Repayment Modeling Lab
- Enter the total Loan Amount (Principal) you wish to borrow.
- Input the Annual Interest Rate (%) offered by the lender.
- Set the Loan Tenure in years.
- Observe the Repayment Capital Mix visual showing the ratio of principal vs interest.
- View your Monthly EMI, Total Interest, and Total Payment results.
- Toggle the Amortization Milestones to see your projected balance at the end of each year.
- Click Copy EMI Report to save the quote for your banking comparisons.
Frequently Asked Questions
What is an EMI?
EMI stands for Equated Monthly Installment.

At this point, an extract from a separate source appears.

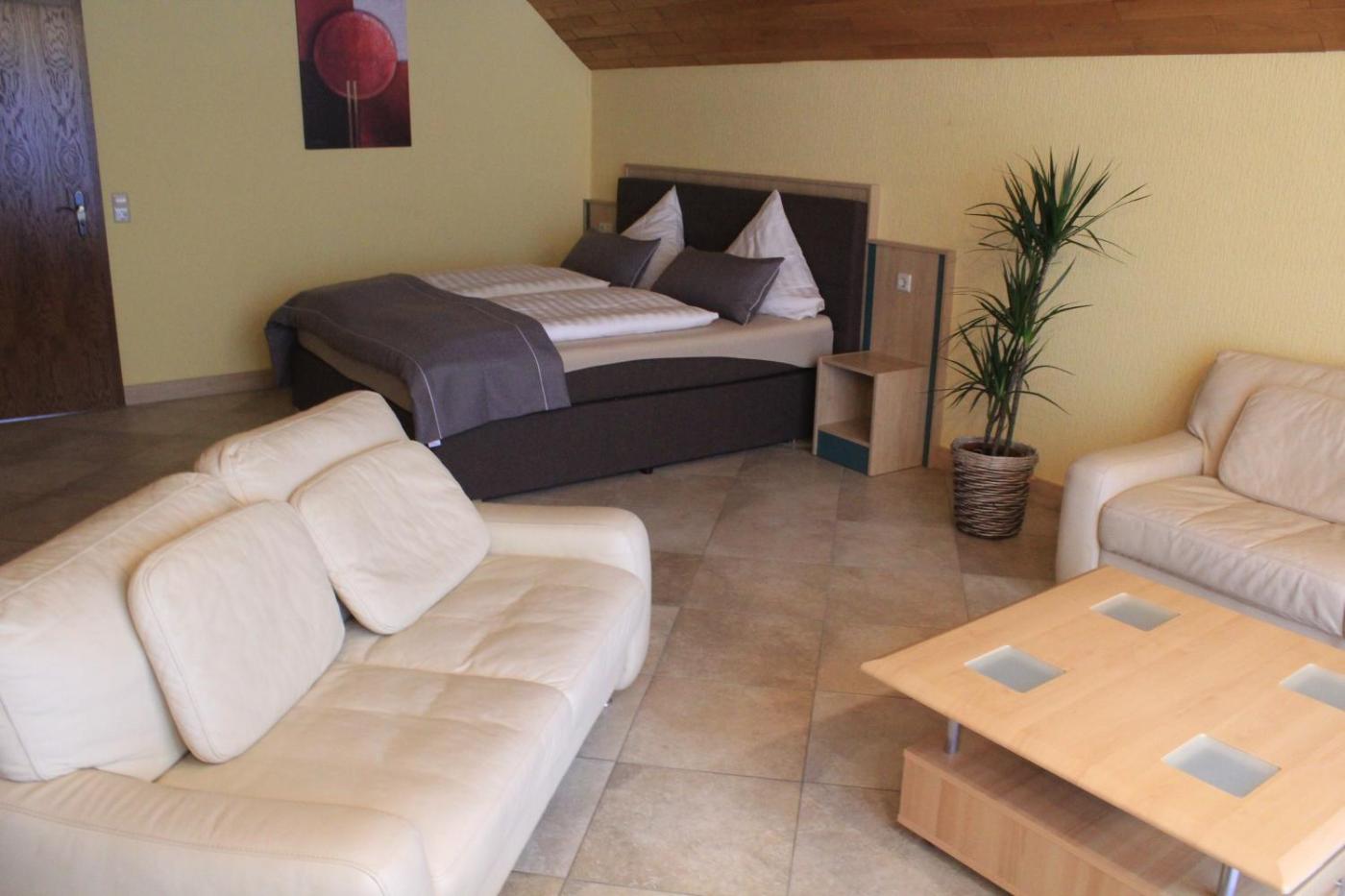Deluxe Doppelzimmer. The double room includes a private bathroom fitted with a shower and a hairdryer. The double room features a flat-screen TV with satellite channels, a wardrobe, a sofa, heating as well as garden views. The unit has 1 bed.

It is a fixed payment amount made by a borrower to a lender at a specified date each calendar month. EMIs are used to pay off both interest and principal each month so that over a specified number of years, the loan is paid off in full.
How is EMI calculated?
EMI is calculated using a standard formula: [P x R x (1+R)^N]/[(1+R)^N-1], where P is the Principal loan amount, R is the monthly interest rate, and N is the monthly loan tenure.
Does a longer tenure reduce the interest paid?
No. While a longer tenure reduces your monthly EMI amount, it significantly increases the total interest you pay over the life of the loan. Shorter tenures are always cheaper in terms of total cost.
Can I use this for Home Loans and Car Loans?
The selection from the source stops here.